The idea is that an object traveling fast enough in space will be receiving more radiation than it is giving off.

This is because time runs slower for the object which is traveling near the speed of light, and therefore it loses energy through thermal radiation slower than it is not moving.

The object, on the other hand is still receiving radiation from "outside" at the "normal" rate. From the object's perspective, the radiation "outside" is getting more and more intense as is speed increases, therefore it should heat up.

The problem

According to one hypothesis, the universe is going to end in a heat death where everywhere is the same temperature. But I can stop that by shooting an object into space near the speed of light, assuming it doesn't hit anything, it should continue to go forever gathering energy (from thermal radiation and CMBR) and breaking heat death.

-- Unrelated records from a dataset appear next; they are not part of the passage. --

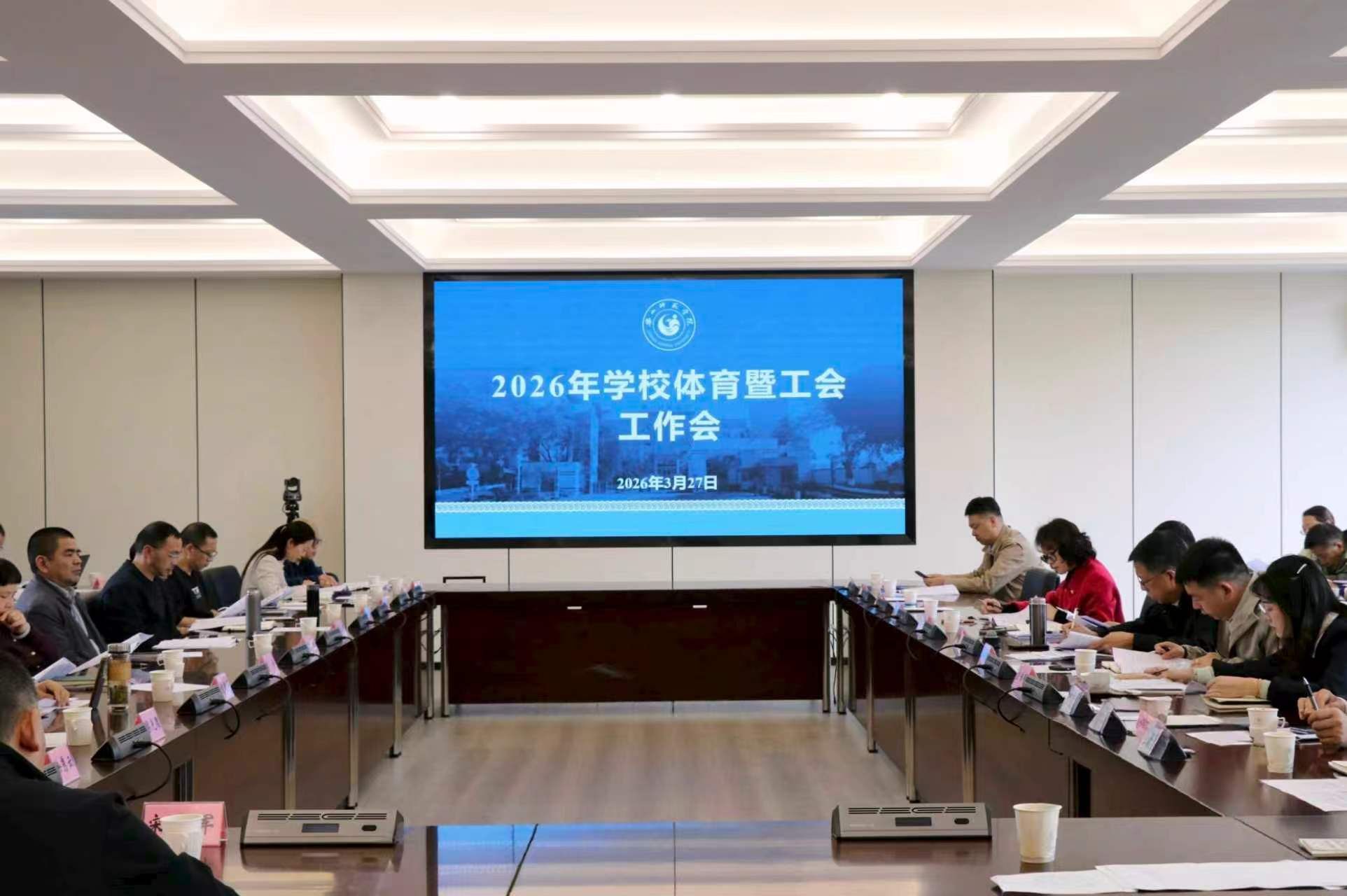 本网讯(文/陈小剑 图/张锶沁)为深入贯彻落实“健康第一”教育理念,统筹推进学校体育工作与工会工作高质量开展,3月27日,2026年学校体育暨工会工作会在弘毅楼第一会议室召开。党政办等相关职能部门负责同志,各教学院党委书记、党委副书记及各分工会主席参会,会议由党委常委、副校长、工会主席李朝晖主持。
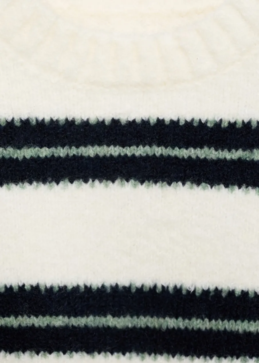 OpisDzianinowa tkanina. Model prosty. Wzór w paski. Okrągły dekolt. Model standardowy. Długi rękaw. Bez zapięcia.
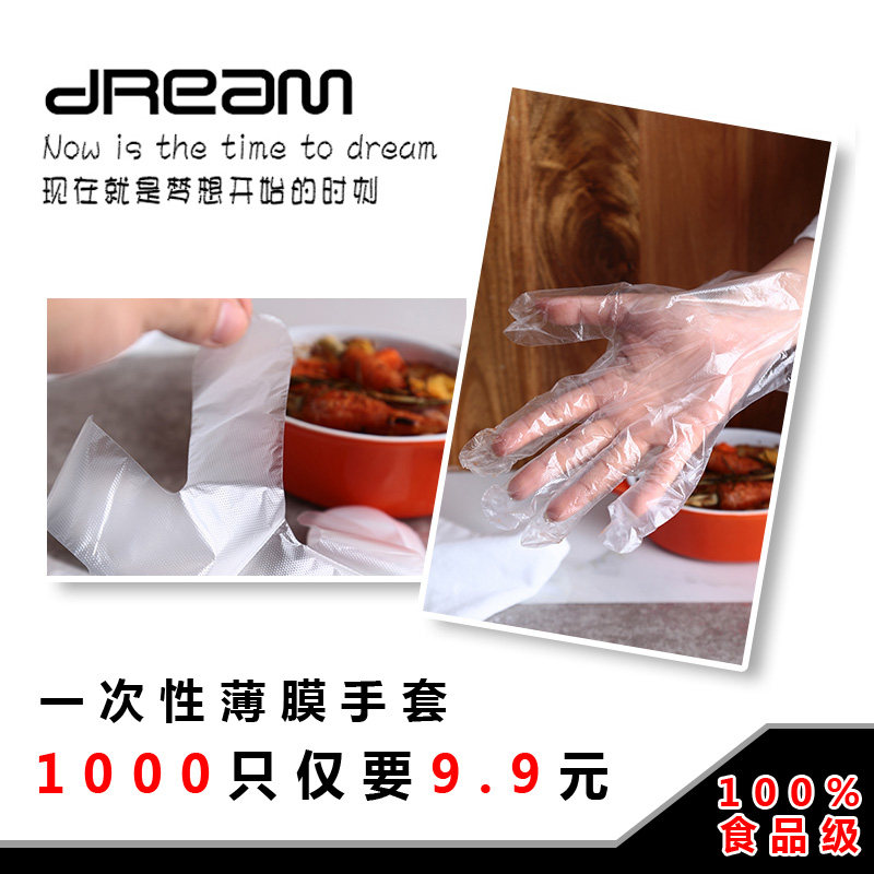 一次性手套塑料透明食品加厚餐饮薄膜家用女1000只装pvc手膜100只热门设计联盟服务商
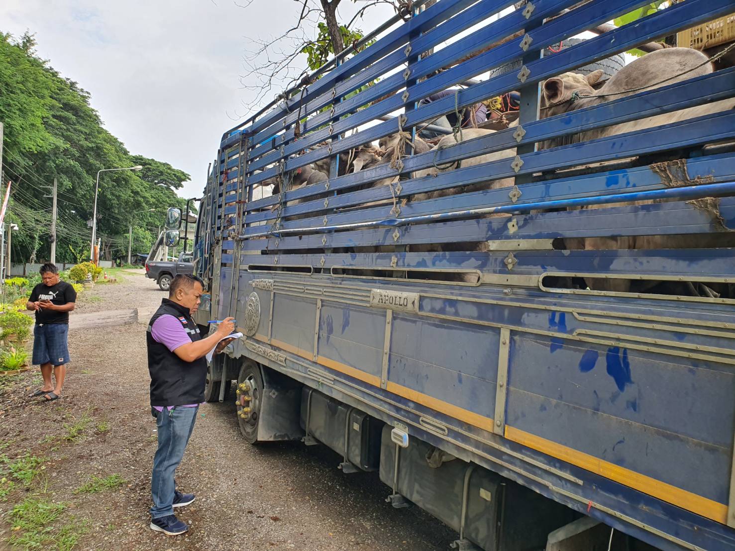 สำหรับรถบรรทุกคันที่ 1 ที่เรียกตรวจสอบ เป็นรถบรรทุกพ่วง 12 ล้อ โดยหัวลากบรรทุกโค 23 ตัวและลูกพ่วง 12 ล้อบรรทุกโค 20 ตัว รวม 43 ตัว เดินทางจากตำบลมหาวัน อำเภอแม่สอด จังหวัดตาก เพื่อเคลื่อนย้ายไปยังจังหวัดสุโขทัย
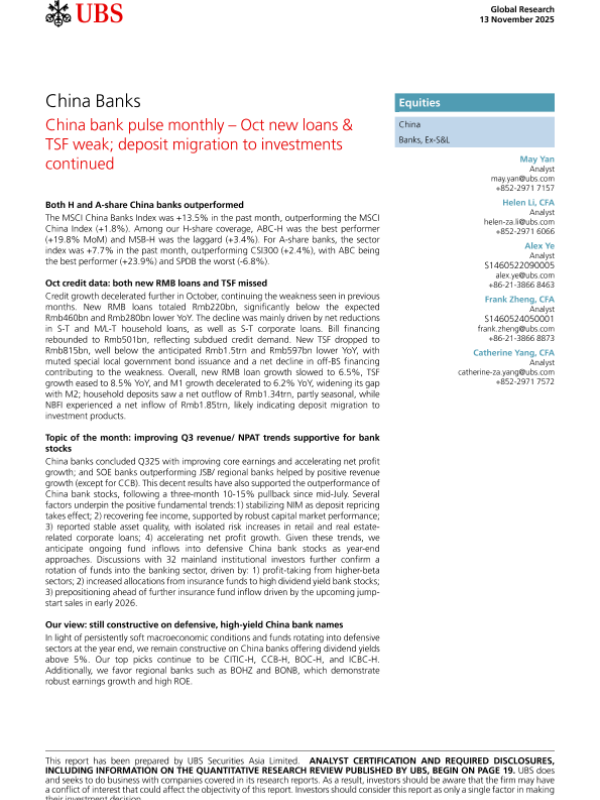 【UBS】【202511】China bank pulse monthly- Oct new loans &TSF weak; deposit migration to investments continued-27页 证券期货研究报告
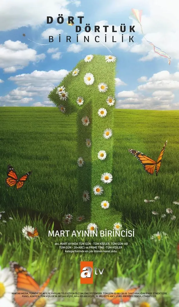 Reyting rekorları kıran dizi ve programlarıyla yılların birincisi olan Atv, Mart ayında da Tüm Gün – Tüm Kişiler, Tüm Gün – AB, Tüm Gün – 20+ ABC1 ve Prime Time – Tüm Kişiler kategorilerinde aldığı izlenme oranlarıyla rakiplerine fark atarak zirvede tek başına yer aldı.
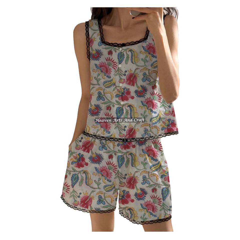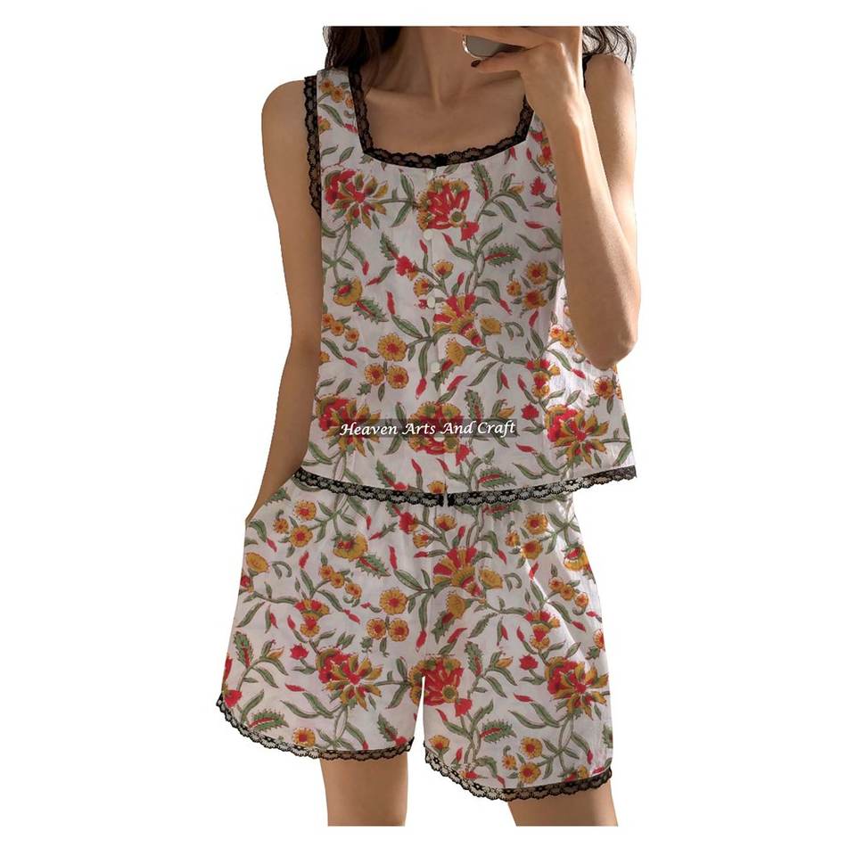 Ensemble pyjama en coton imprimé à la main avec dentelle florale, short et haut sans manches à volants, collection printemps/été

Even if it's slowed down by resistance, by painting its front white and its back black should be able to keep it accelerated, as this will cause it to heat up the gas behind it more to push it forward.

That wouldn't work but there's should be a way to make sure heat is released to the back.

Another thing is it doesn't need to be even close to the speed of light, it just need to have be receiving more energy than it is being slowed down, so there is probably already a bunch of these objects zooming around in space.

If this works then why is it not thought about (that heat death is the most accepted hypothesis), or else can anyone explain what went wrong?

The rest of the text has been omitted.